Work order:
Would you return, word for word, the lines running from the one with "圖:本港將在下月5日舉行紀念" to the final line of the listing below, pictures omitted?

The data:
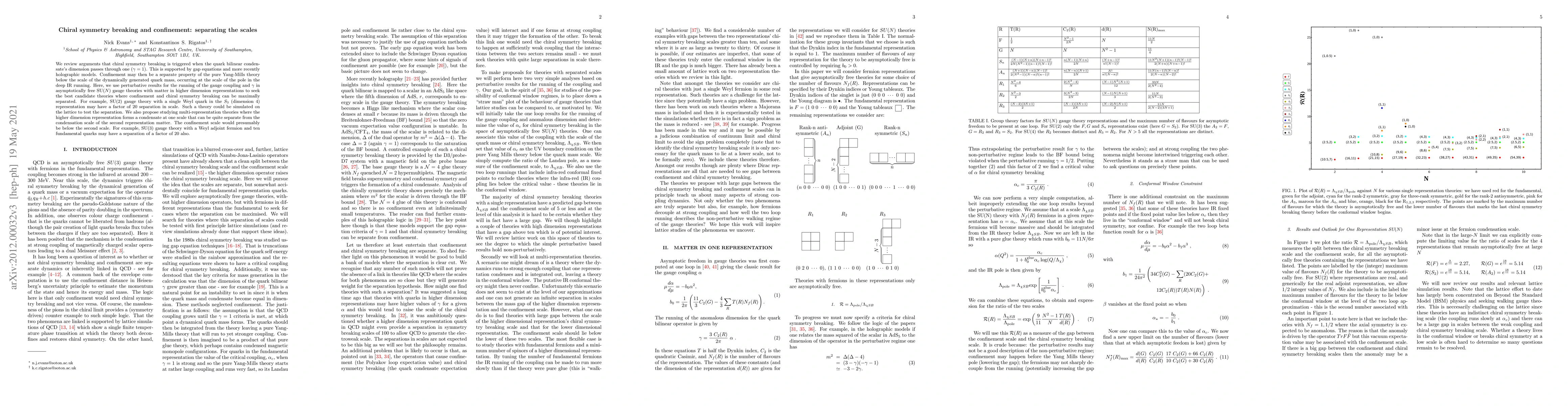 We review arguments that chiral symmetry breaking is triggered when the quark bilinear condensate's dimension passes through one ($\gamma=1$). This is supported by gap equations and more recently holographic models. Confinement may then be a separate property of the pure Yang-Mills theory below the scale of the dynamically generated quark mass, occurring at the scale of the pole in the deep IR running. Here, we use perturbative results for the running of the gauge coupling and $\gamma$ in asymptotically free SU($N_c$) gauge theories with matter in higher dimension representations to seek the best candidate theories where confinement and chiral symmetry breaking can be maximally separated. For example, SU(2) gauge theory with a single Weyl quark in the $S_3$ (dimension 4) representation may have a factor of 20 separation in scale. Such a theory could be simulated on the lattice to test the separation. We also propose studying multi-representation theories where the higher dimension representation forms a condensate at one scale that can be quite separate from the condensation scale of the second representation matter. The confinement scale would presumably be below the second scale. For example, SU(3) gauge theory with a Weyl adjoint fermion and ten fundamental quarks may have a separation of a factor of 20 also.
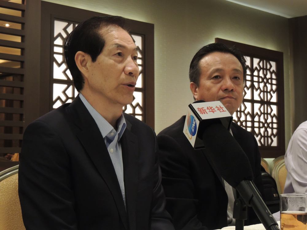 圖:本港將在下月5日舉行紀念抗戰勝利暨台灣光復70周年大會。盧文端(左)和姚志勝介紹紀念大會情況 大公報記者陳璁攝
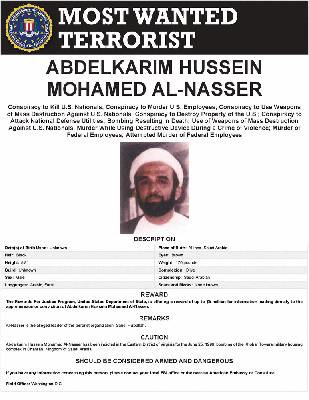 The Rewards For Justice Program, United States Department of State, is offering a reward of up to $5 million for information leading directly to the apprehension or conviction of Abdelkarim Hussein Mohamed Al-Nasser.
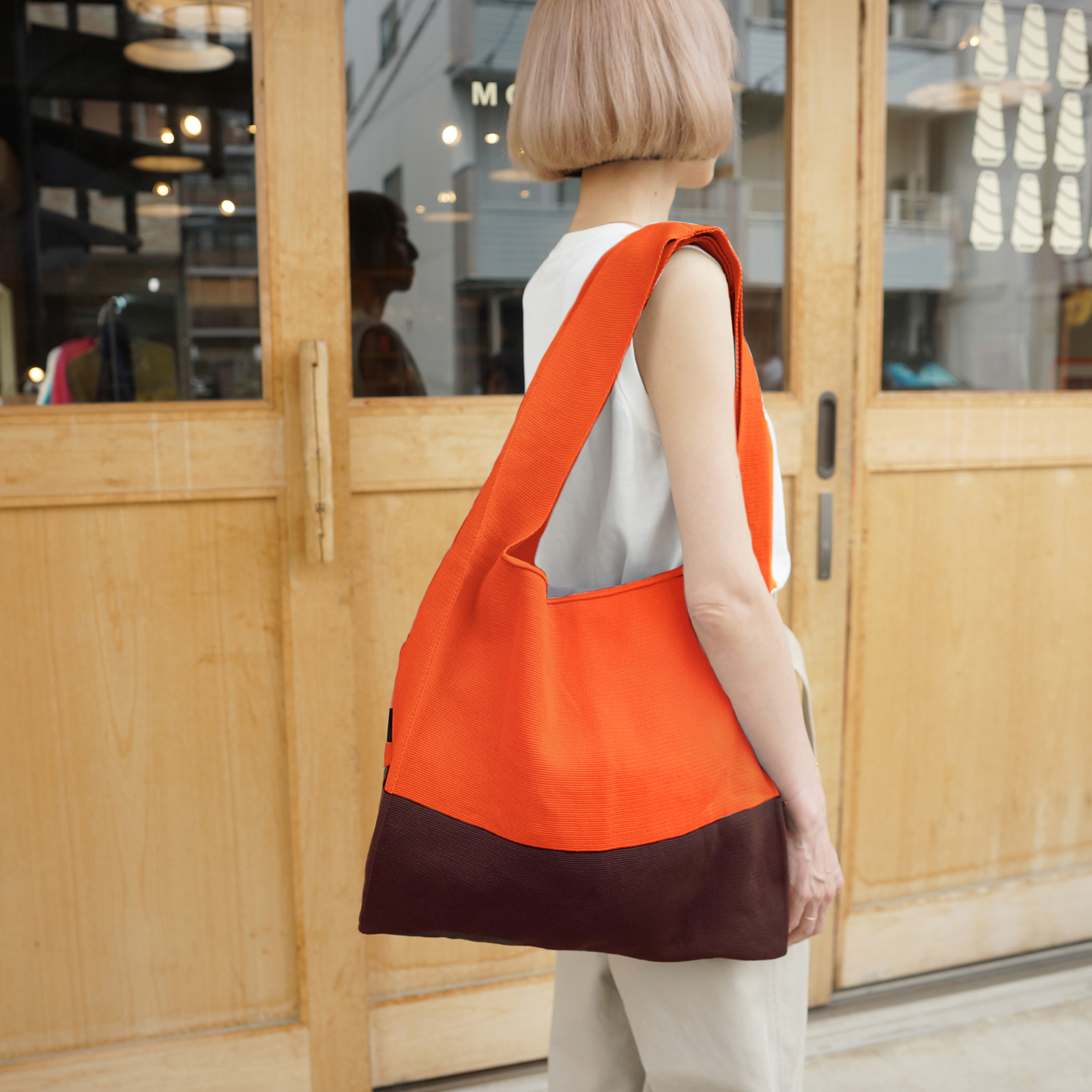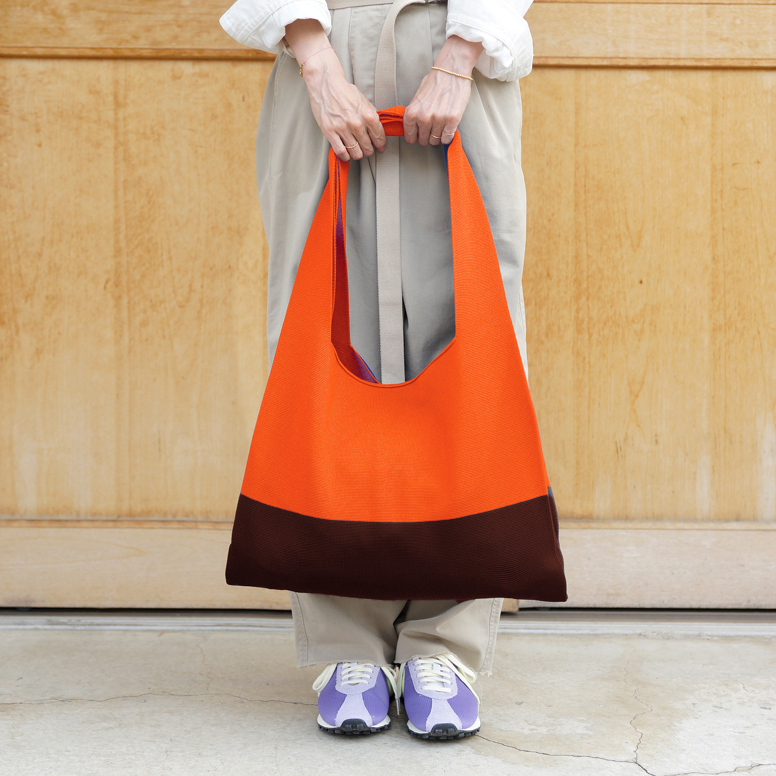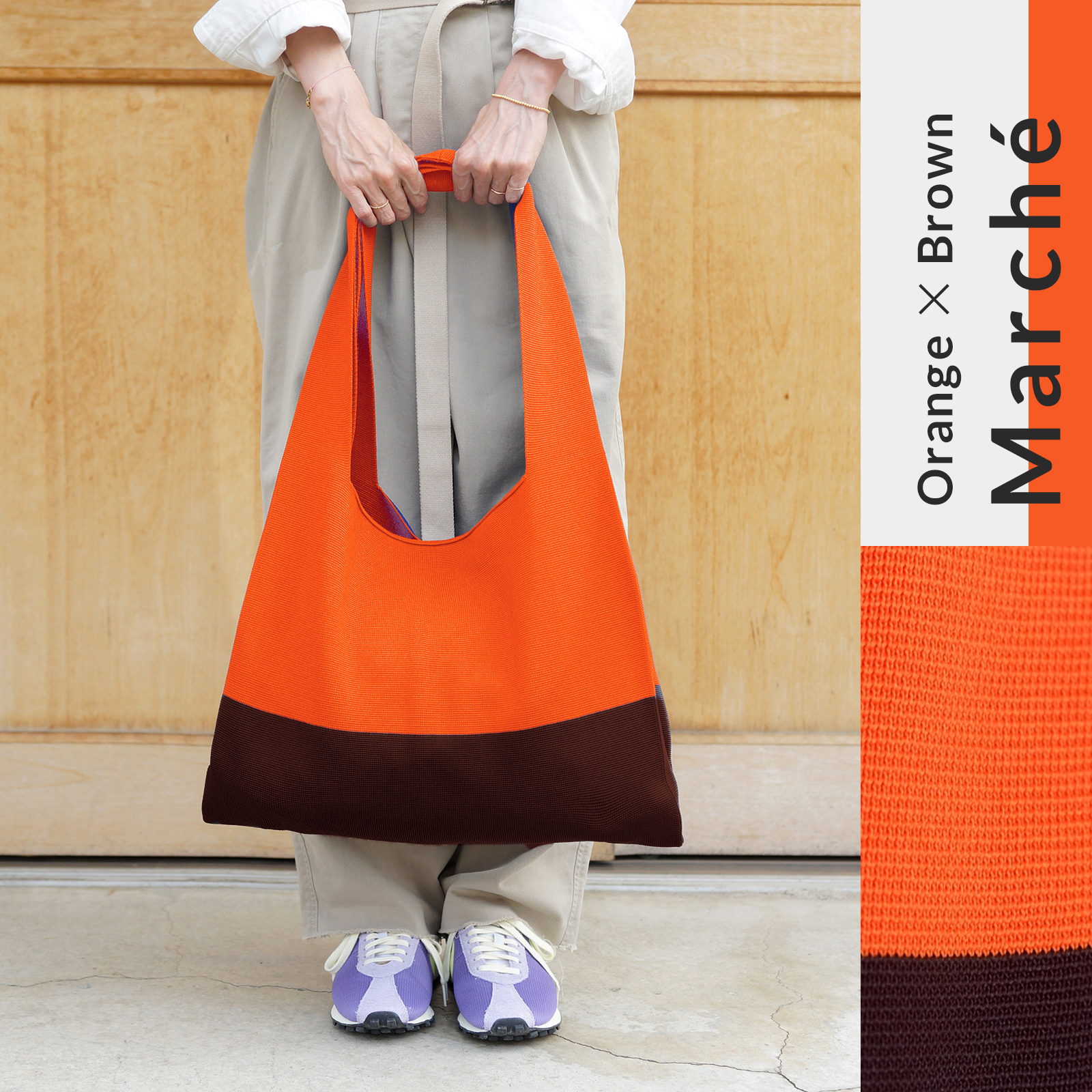 2月上旬発送予定 限定色|Marché マルシェ 【 オレンジ×ブラウン 】 A4対応 / ツートン バイカラー ニットバッグ

Solution to this exercise:
 圖:本港將在下月5日舉行紀念抗戰勝利暨台灣光復70周年大會。盧文端(左)和姚志勝介紹紀念大會情況 大公報記者陳璁攝
 The Rewards For Justice Program, United States Department of State, is offering a reward of up to $5 million for information leading directly to the apprehension or conviction of Abdelkarim Hussein Mohamed Al-Nasser.
 2月上旬発送予定 限定色|Marché マルシェ 【 オレンジ×ブラウン 】 A4対応 / ツートン バイカラー ニットバッグ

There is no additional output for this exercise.